American businessman, military officer and politician (1892 - 1971)

Rufus Randall Rand Jr. (May 25, 1892 – October 15, 1971) was an American businessman and politician. He was the president of the Minneapolis Gas Company, which was founded by his family, Rand also served as the first mayor of Wayzata, Minnesota. He was the maternal grandfather of Sheldon Whitehouse, a United States Senator from Rhode Island.

== Biography ==
Rand was born in Minneapolis to Rufus Rand Sr, founder of the Minneapolis Gas Light Company (Minnegasco; now owned by CenterPoint Energy) and Susan Mealey Rand. The family had built the Rand House in Monticello, Minnesota as a summer estate in 1884, 8 years before his birth.

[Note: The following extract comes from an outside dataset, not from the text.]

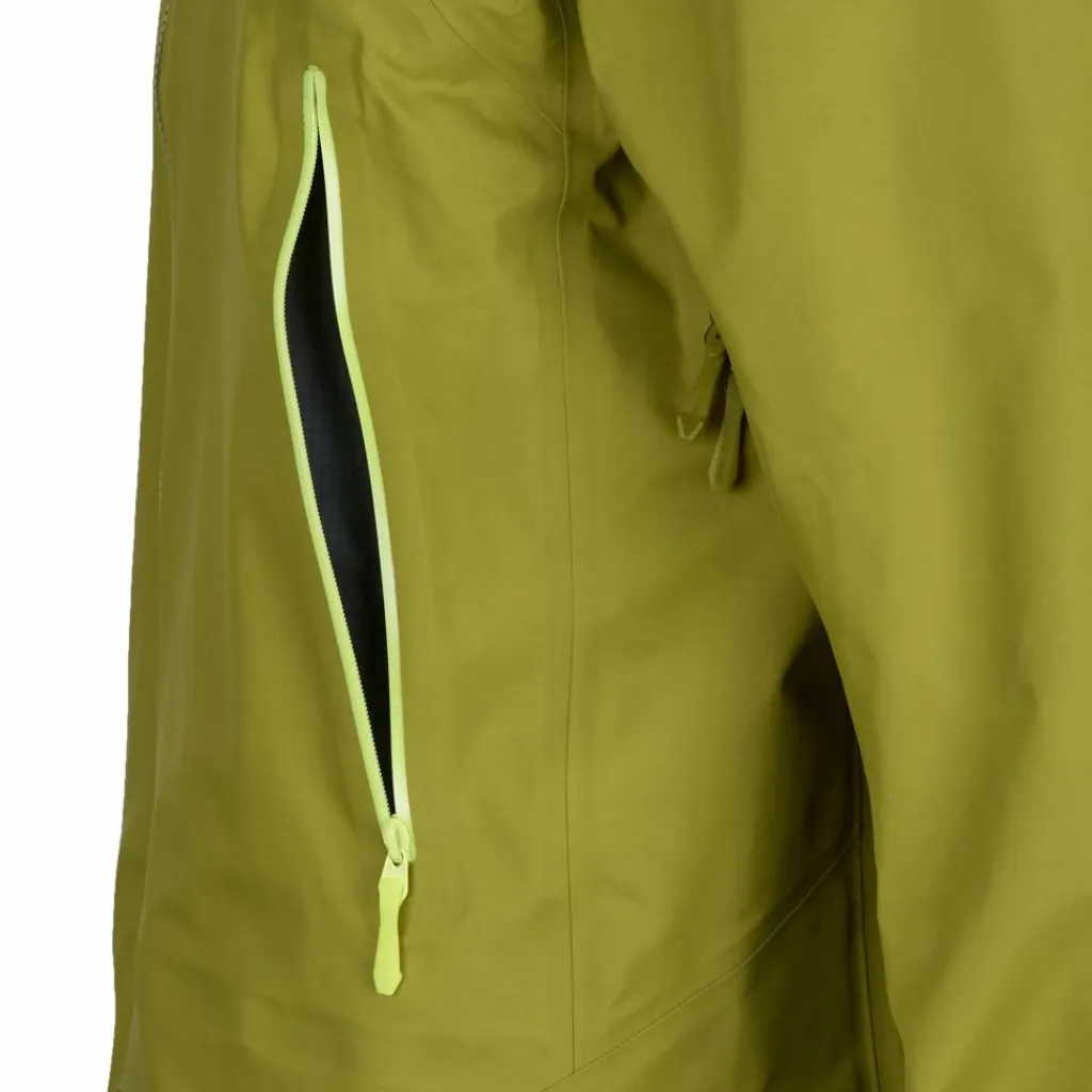 Das Material ist aber nicht nur durch ihr geringes Gewicht äußerst praktisch: Zusätzlich ist es dank ePE-Membran von Gore-Tex wasser- und winddicht und bietet selbst besonders hartnäckigen, stürmischen Regenschauern zuverlässig die Stirn. Für zusätzlichen Schutz sorgen der hohe Kragen und die einhändig verstellbare Kapuze mit stabilem Schirm und Kinnschutz. Zudem ist die Jacke stark atmungsaktiv, sie lässt also besonders viel Wasserdampf entweichen, wenn du bei deinen Aktivitäten ins Schwitzen gerätst. Zusätzlich sorgen die Belüftungsreißverschlüsse unter den Armen bei Bedarf für schnelle Abkühlung.
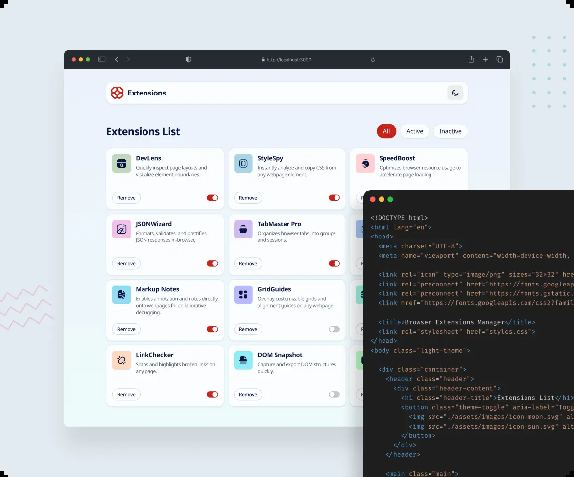 Pick from 100+ professionally designed projects across five skill levels—from HTML/CSS basics to full-stack applications.

His two grandfathers were Minnesota State Senator Tobias Mealey and Mayor Alonzo Cooper Rand of Minneapolis. He attended Williams College, where he pursued an interest in aviation. He served as an aviator during World War I, flying for Lafayette Escadrille.

Rand was the President of the Minneapolis Gas Company, which was owned by his family. During the 1920s, he also entered politics and served as mayor of Wayzata, Minnesota. During this time he built Rand Tower in downtown Minneapolis. It was one of the city's tallest buildings when completed and served as the headquarters of the Minneapolis Gas Company. In 2020, the building was converted into a Marriot hotel.

He also built the Still Pond estate in Minnetonka in 1931. The estate contained a 25,000 square foot, 63-room mansion that cost to construct. He sold it to Cargill in 1944. The mansion remained in use by Cargill, serving as the headquarters for its corporate leadership until being demolished in 2020.